The dbus-monitor startup will cause dbus.socket to be triggered, which
in turn will cause systemd to try to start dbus.service. Problem here is
that dbus's postinst won't have run yet, so the "messagebus" user won't
exist, so dbus-daemon won't start up propery.

Problem: this creates a restart loop, since systemd tries to restart
the service over and over again because there's data on the DBus socket.
I'm pretty sure you could also reproduce that with other services that
are socket activated, but this definitely reproduces this.

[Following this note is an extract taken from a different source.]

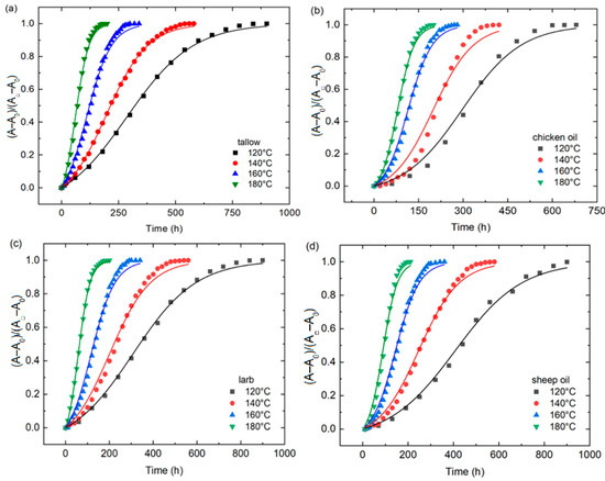 where is the absorbance at and is the absorbance at . Using Equation (3) to fit the data in Figure 2, we obtain the numerical values of the fitting parameter, , for the animal oils at different temperatures. For comparison, the fitting curves are included in the corresponding plots in Figure 2. It is evident that Equation (3) accurately describes the temporal evolution of the absorbance of the animal oils.

Doing systemctl stop dummy or systemctl stop dbus doesn't help here;
masking dbus.service or dummy.service doesn't either. journalctl doesn't
say anything useful except "Looping too fast" being printed every 1s or
so. systemctl daemon-reexec has no effect (it does reexec though). The
only way to get out of this problem is to stop dbus.socket, which is
not very obvious to a user - even I didn't think of that immediately,
and rebooted my test VM a couple of times while figuring this out. I
suspect users with less knowledge of systemd than I will not fare
better.

What I would like to see is: systemd could maybe print a message when
a service (repeatedly) fails to start as a result of socket activation
(including which socket is responsible), so that users have an idea of
what they could do to make systemd cooperate again. Also once could
think about a mode where a socket is stopped (in failed state)
automatically after the service associated with it has failed to start
more than N times (configurable in the socket's unit file), with N
defaulting to 30 or something similar. This would really help in this
kind of situation.

Not sure about the severity of this bug, because the current behavior
of systemd does indeed work as designed (data on the socket -> try to
start service -> service fails -> service marked inactive -> systemd
looks at socket again -> data on the socket -> rinse and repeat ...),
but the consequences are rather nasty IMHO. I've filed it under
wishlist for now because of the "works as designed" argument, but my
annoyance level with this bug would easily make this 'normal' or
'important'. I'll leave this up to you.